The US Congress is not only divided on the tax issue along partisan lines, but also by the regions, industries and large corporations that members represent.

Lawmakers representing corn-growing states from both sides of the aisle would be hard pressed to agree to a cut in ethanol-related subsidies, while those representing Silicon Valley would probably try to protect provisions that allow tech companies to skew high taxation on intellectual property to low-tax countries.

An administration official on Wednesday said the president would continue “outreach” to stakeholders over the coming months.

“Revenue-neutral, rate-lowering corporate tax reform that removes special tax incentives for certain activities and investment will improve the allocation of capital in the economy, which should improve growth,” the official said.
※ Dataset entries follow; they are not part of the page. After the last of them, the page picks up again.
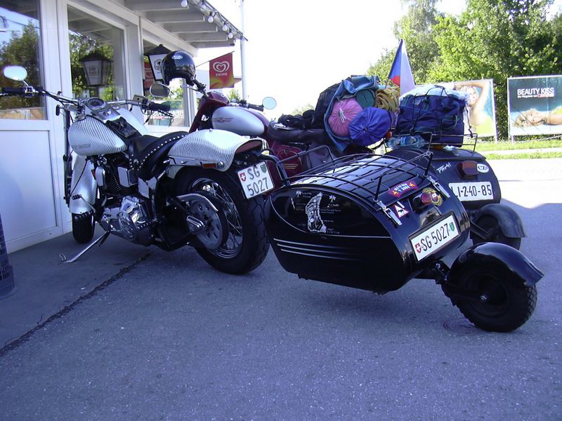 Je to krásný pocit sedět ve slunečném dni na břehu jezera a být naprosto svobodný. Člověk si může dělat co chce. Překvapilo mě, že nad Bodamským jezerem se dělají vyhlídkové lety vzducholodí. Když jsem dopsal deník, šel jsem na parkoviště pro motorku. Stálo to 5,40 Euro. To mě trochu zaskočilo, ale co se dá dělat. Další plánovaná zastávka bylo hlavní město Lichtenštejnska Vaduz. Jenže nebylo značený, tak jsem ho nemohl najít. Na okraji města Feldkirch jsem se zastavil, že se podívám do mapy a tu najednou slyším nějaké hvízdání. Otočím se a z jedné restaurace vyběhl kluk a hvízdal na mě. Otočil jsem mašinu a jel za ním. Říkal mi, že mi něco musí ukázat. Vzal mě do garáže tam mi ukázal Harley-Davidson s pávikem. Říkal, že ho má z Čech. Pak zavolal na přítelkyni a ta mi šla ukázat svůj Harley-Davidson s pávikem. Koukal jsem na to jak tele. Na dvoře jim ještě stál zrenovovaný Fiat 500. Oba byli majitelé restaurace, před kterou jsem zaparkoval.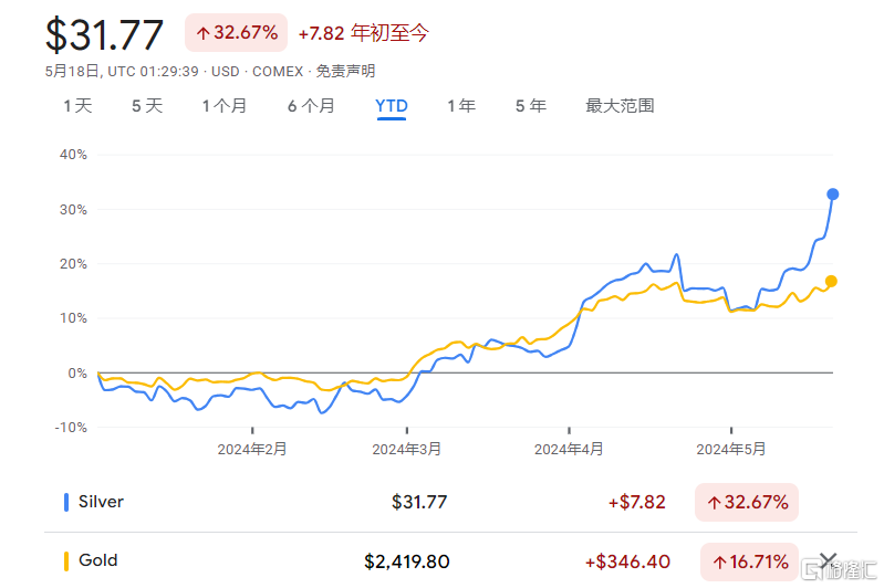 黄金无疑是“亮眼的仔”,但比黄金更猛的还有——白银。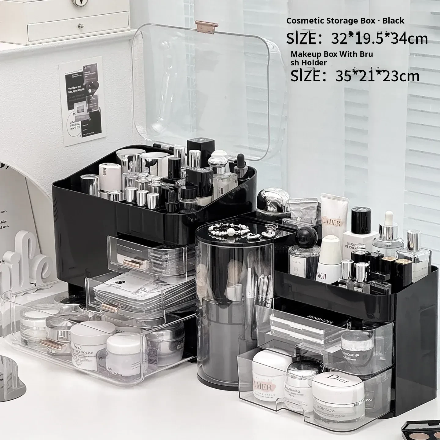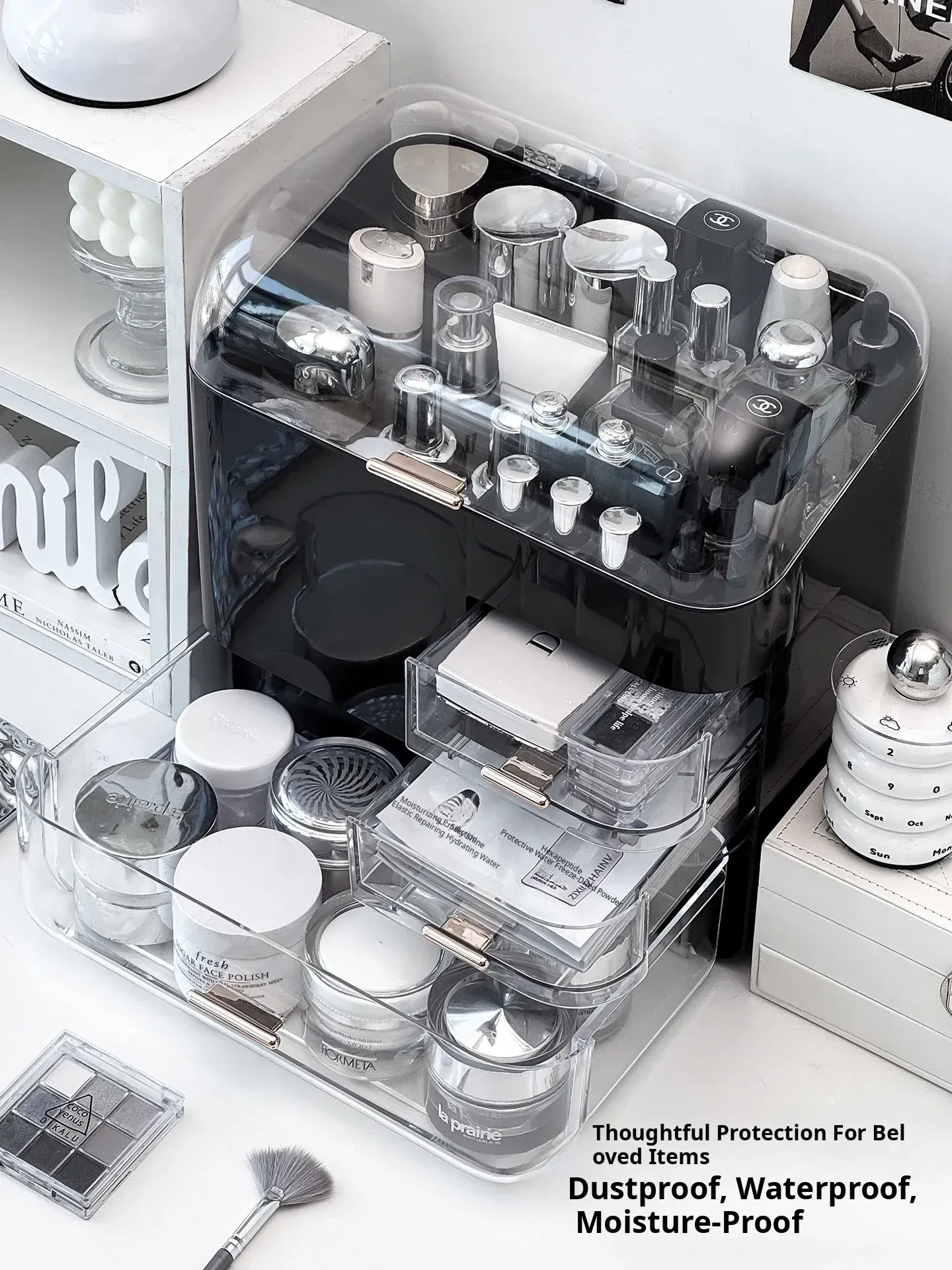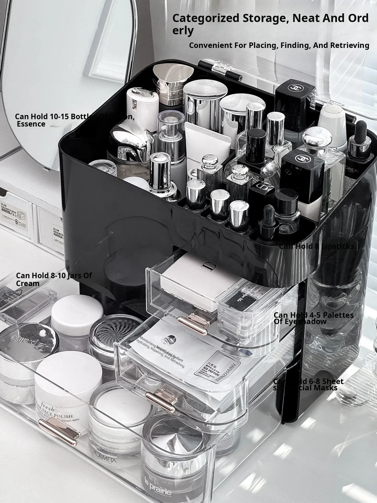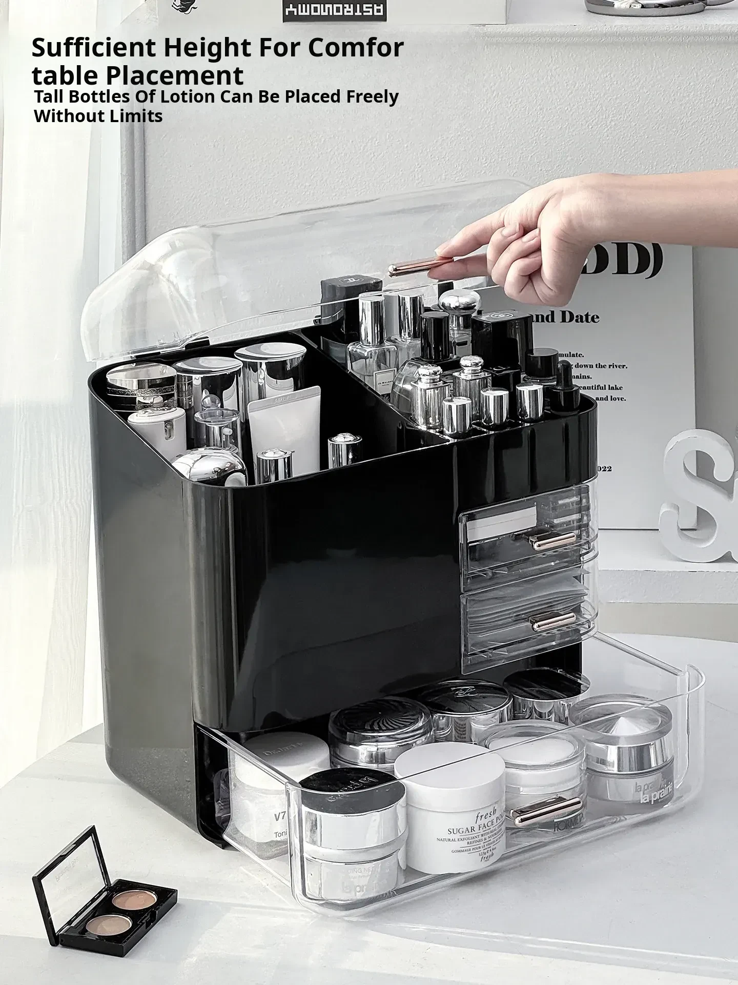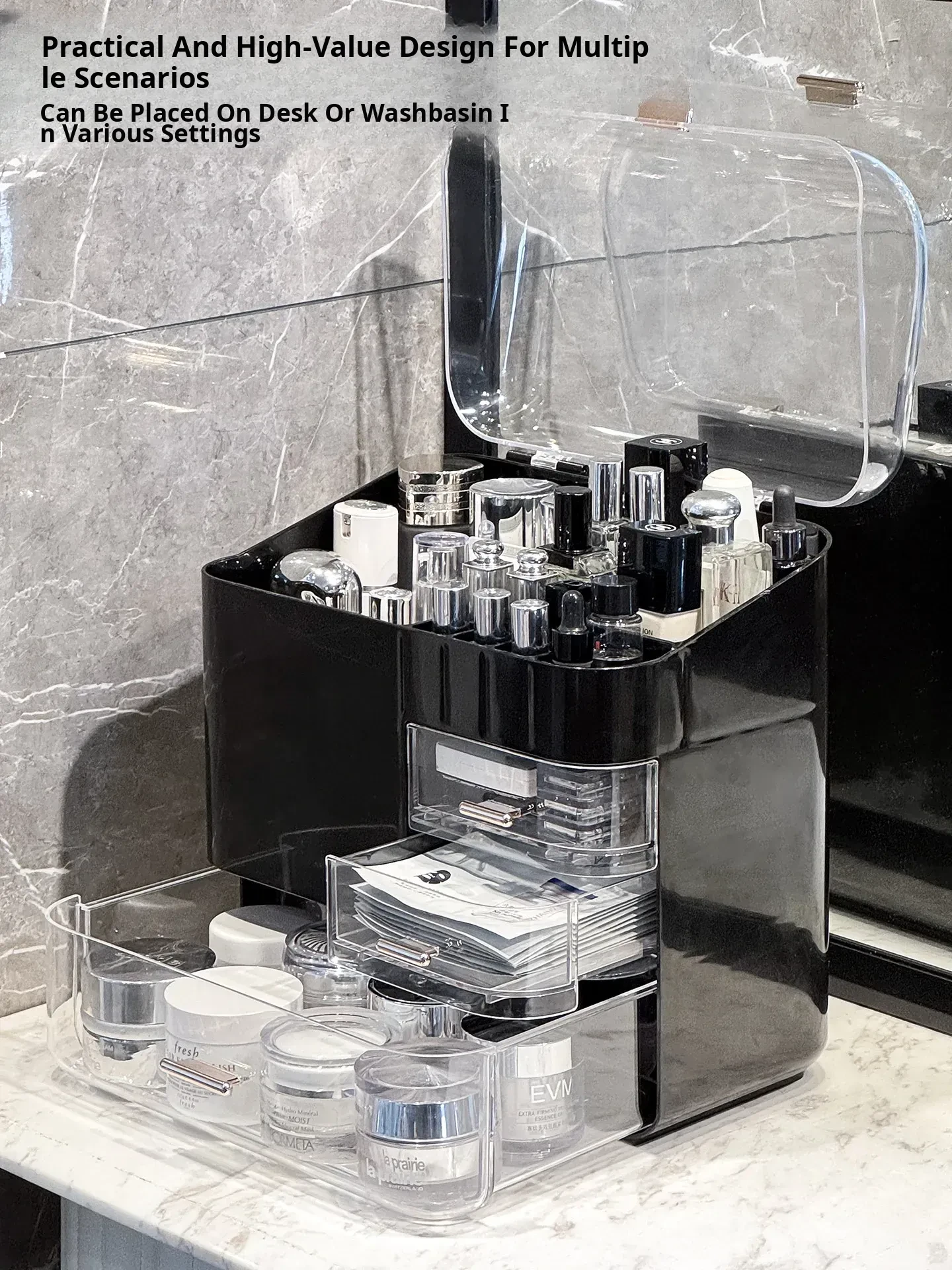 Elegant Makeup Organizer Box - Large Capacity Desktop Dustproof Storage for Skincare and Cosmetics, Ideal for Vanity and Makeup Essentials, Perfect Lipstick Organizer.

The White House has not been shy about its intention to target $4bn in tax subsidies for the oil and gas industry, which Mr Obama said ought to be diverted
to pay for investments in “clean energy technology”.

But the administration is not likely to call for the reduction of billions of dollars in tax credits and deductions for research, because that is an area Mr Obama has said ought to be expanded.

Many Republicans want the US to return to a territorial – rather than worldwide – system of taxation that would end taxes of profits generated by companies abroad when they are brought back into the US.

Dave Camp, the Republican chairman of the House ways and means committee, the chief tax writing body, said he was disappointed that Mr Obama did not address the needs for tax reform for small business.

He did not comment on the president’s call for an end to special interest tax cuts.

Clint Stretch, managing principal of tax policy at Deloitte Tax LLP, said the gulf between the administration’s vision of tax reform, and that of the resurgent Republicans in the House of Representatives, might be too wide to achieve real reform.

As with most policy issues in Washington, the momentum for change might ultimately come down to whether enough influential businesses believe an overall cut in corporate tax would be worth the price of abandoning the tax benefits they already enjoy, and whether they can convince lawmakers to agree.